Nesse sentido, tecnologias da confissão são empregadas no governo dos corpos e das sexualidades. Inicialmente, essas tecnologias fazem funcionar o poder pastoral propagado pelas igrejas cristãs e, posteriormente, essas práticas são incorporadas e se fortalecem mediante os conhecimentos das ciências modernas, criadas no século XIX, diante do surgimento da Medicina, da Psiquiatria, da Justiça Penal, da Pedagogia, entre outros campos científicos encarregados de dizer a verdade do sujeito moderno e de governar para a docilidade das condutas, das mentes e das almas. Entram em ação as confissões da carne que não permitem obscurecer o sexo, já que até sonhos e pensamentos devem ser revelados pela “[...] necessidade de regular o sexo por meio de discursos úteis e públicos e não pelo rigor de uma proibição” (FOUCAULT, 2019a, p. 28).
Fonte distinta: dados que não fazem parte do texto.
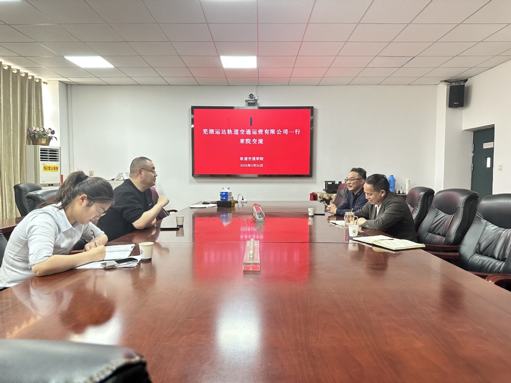 3月26日下午,芜湖市运达轨道交通建设运营有限公司综管部部长刘元元一行莅临轨道交通学院,双方在会议室举行了校企合作座谈会。学校就业与创业指导中心副主任王平、轨道交通学院党总支副书记白花蕊、副院长刘道前参加会议,共同商讨校企合作、产教融合的新路径。

Governo da infância à velhice que põe em funcionamento normas morais de desenvolvimento sexual, via pastoral cristã, direito canônico e código civil. Todos centrados nas relações matrimoniais, na monogamia heterossexual, aliando família, igreja cristã, escola, Estado, poder judiciário, e demais instituições modernas - quartéis, hospitais, clínicas, fábricas - que formam e fazem funcionar a harmonia do sistema social capitalista, desde então.
O governo das sexualidades funciona, portanto, a partir de uma ordem moral sobre os corpos de indivíduos e grupos. Designa-se por moral a maneira pela qual o indivíduo ou a coletividade se submete a um princípio de conduta, obedece ou resiste a uma interdição ou a uma prescrição, respeita ou negligencia um conjunto de valores. A regulação moral das sexualidades permitiu a definição de normas de decência, a multiplicação de condenações judiciárias das perversões menores, a determinação das doenças mentais e o enclausuramento dos/as loucos/as, doentes e criminosos/as, a educação sexual das crianças no interior das famílias. O problema, segundo Foucault (2019b), é que a moral cerceia o corpo e negligencia pulsões e desejos, instituindo uma visão monolítica daquilo que compreendemos como verdade do corpo.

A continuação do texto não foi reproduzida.